* _Task requirements_
Write out exactly, with both ends included, the lines that run from the line containing "太さの違う綿糸を織り込むこと" to the end of the entries. Pictures are not part of the answer.
*** Begin section ***
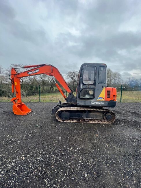 Doosan 5 ton Mini Digger excavator 80% Tracks Fully glazed cabin with heaters , wiper and radio Choice of buckets 2 speed tracking 4 cylinder diesel engine starts instantly Recent battery Piped for 3rd service , Pecker etc Choice of 2 identical machines , came from the same good home. great all round power - |
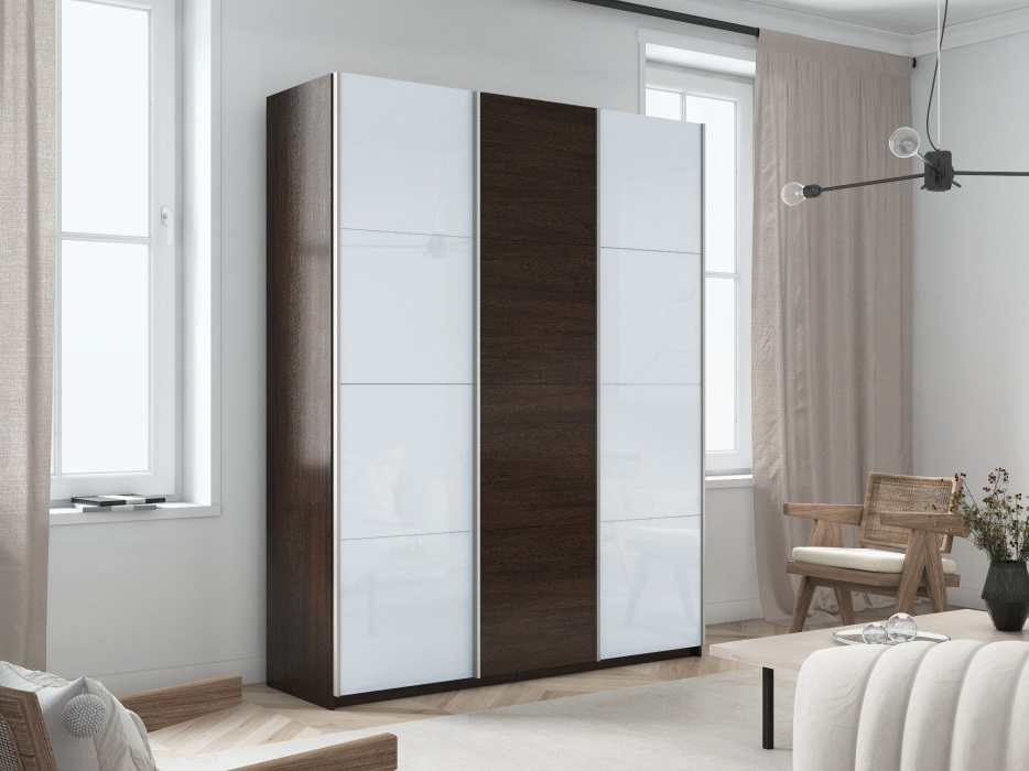 Шкаф-купе Прайм 3-х дверный Стекла белые/ДСП/Доводчики 180х57х230 (Венге)
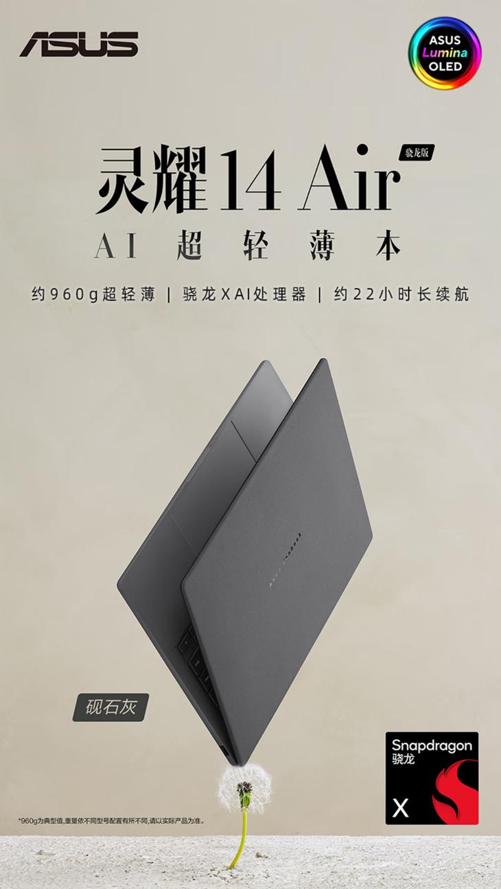 華碩靈耀14 Air 驍龍版:極限輕薄 品質出行
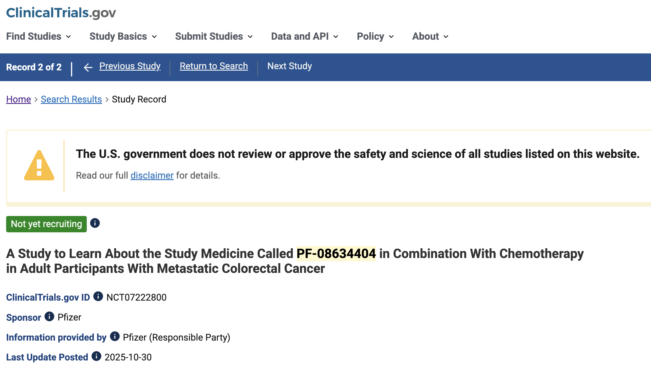 PF-08634404是辉瑞于今年5月斥巨资从三生制药引进的一款PD-1/VEGF双抗。此次辉瑞登记的两项临床研究分别是:针对局部晚期或转移性非小细胞肺癌的III期研究中,PF-08634404联合化疗“头对头”对比当前标准疗法Keytruda联合化疗的疗效与安全性;针对转移性结直肠癌的III期研究中,PF-08634404联合化疗“头对头”对比当前标准疗法贝伐珠单抗联合化疗的疗效与安全性。
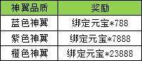 l 活动内容:活动期间内,神翼达到特定等级,将获得额外绑定元宝。
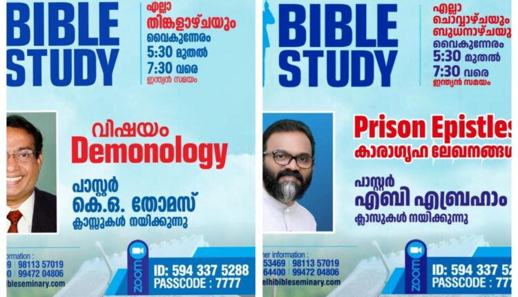 ഡൽഹി : ഡൽഹി ബൈബിൾ സ്കൂളിന്റെ (ഡി ബി സ്) അഭിമുഖ്യത്തിൽ ബൈബിൾ സ്റ്റഡി നടത്തപെടുന്നു.
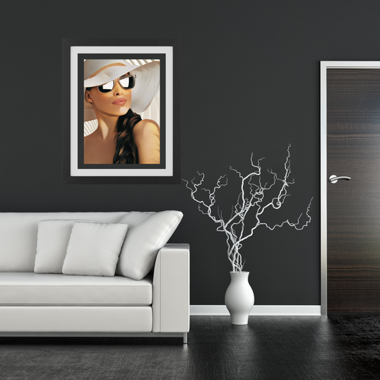 Virginia Brunette Woman in White Hat & Sunglasses Portrait Art Poster
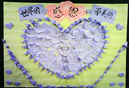 和谐的校园、健康的心灵、美丽的祝福,送给大家。本次活动由汽车工程系心理部策划,09级心理部成员和各班心理委员实施。此次活动以“你的祝福‘我’传递,温馨的祝福送大家”为宗旨,以班级为单位收集祝福,通过广播站广播和黑板报展示等方式传递祝福。
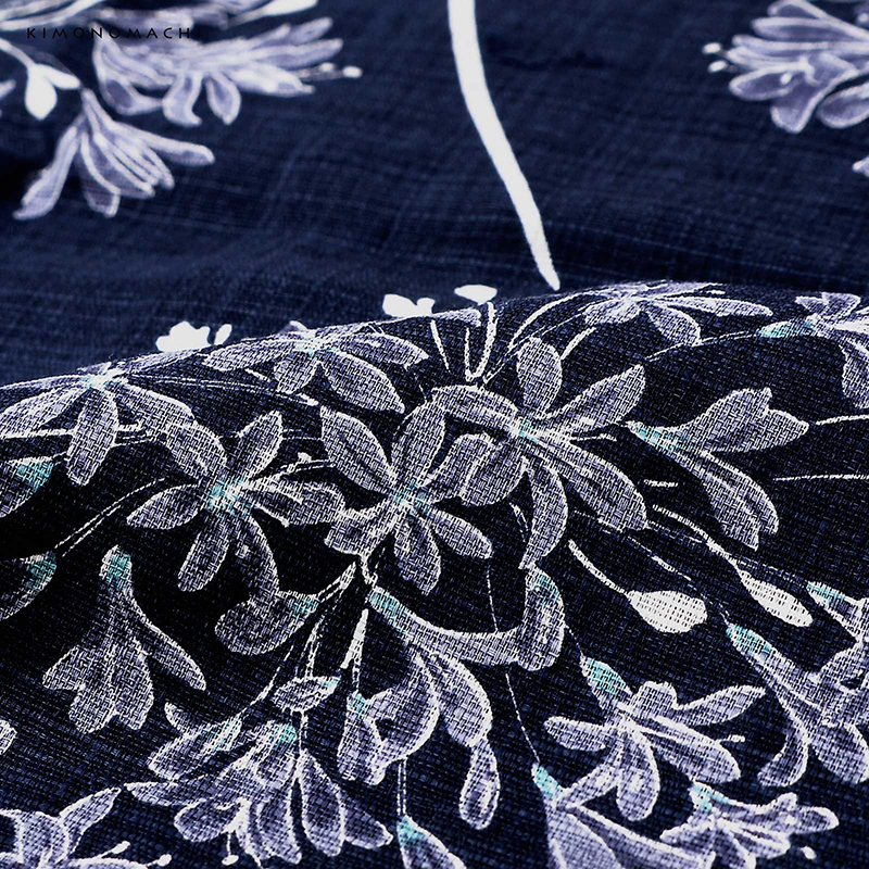 太さの違う綿糸を織り込むことで表面に凹凸を出した「変わり紅梅織り」の生地は、麻のようなざっくりとした肌触りが特徴です。張りのある生地感で着付けがしやすく、汗をかいてもベタつきにくいため、さらりと涼しげに着こなせます。
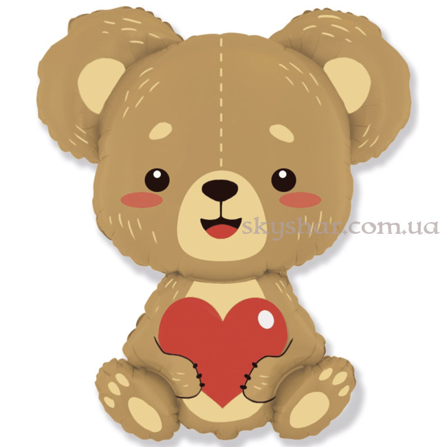Фольгована кулька у формі ведмедика з червоним сердечком у руках
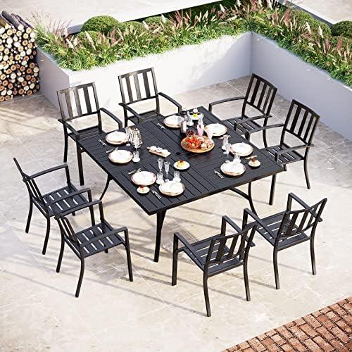 This outdoor dining set features a generous 60″ square table accompanied by eight stackable metal chairs, making it an ideal choice for family gatherings and outdoor entertaining. The sleek design not only complements various patio decors but also provides ample space for food and beverages. The table’s straight legs ensure easy chair movement, promoting a comfortable dining experience. With a weight capacity of 300 lbs for both the table and chairs, durability is a priority, while the umbrella hole accommodates sun protection effortlessly.
*** End section ***
* _Completed task_
 太さの違う綿糸を織り込むことで表面に凹凸を出した「変わり紅梅織り」の生地は、麻のようなざっくりとした肌触りが特徴です。張りのある生地感で着付けがしやすく、汗をかいてもベタつきにくいため、さらりと涼しげに着こなせます。
Фольгована кулька у формі ведмедика з червоним сердечком у руках
 This outdoor dining set features a generous 60″ square table accompanied by eight stackable metal chairs, making it an ideal choice for family gatherings and outdoor entertaining. The sleek design not only complements various patio decors but also provides ample space for food and beverages. The table’s straight legs ensure easy chair movement, promoting a comfortable dining experience. With a weight capacity of 300 lbs for both the table and chairs, durability is a priority, while the umbrella hole accommodates sun protection effortlessly.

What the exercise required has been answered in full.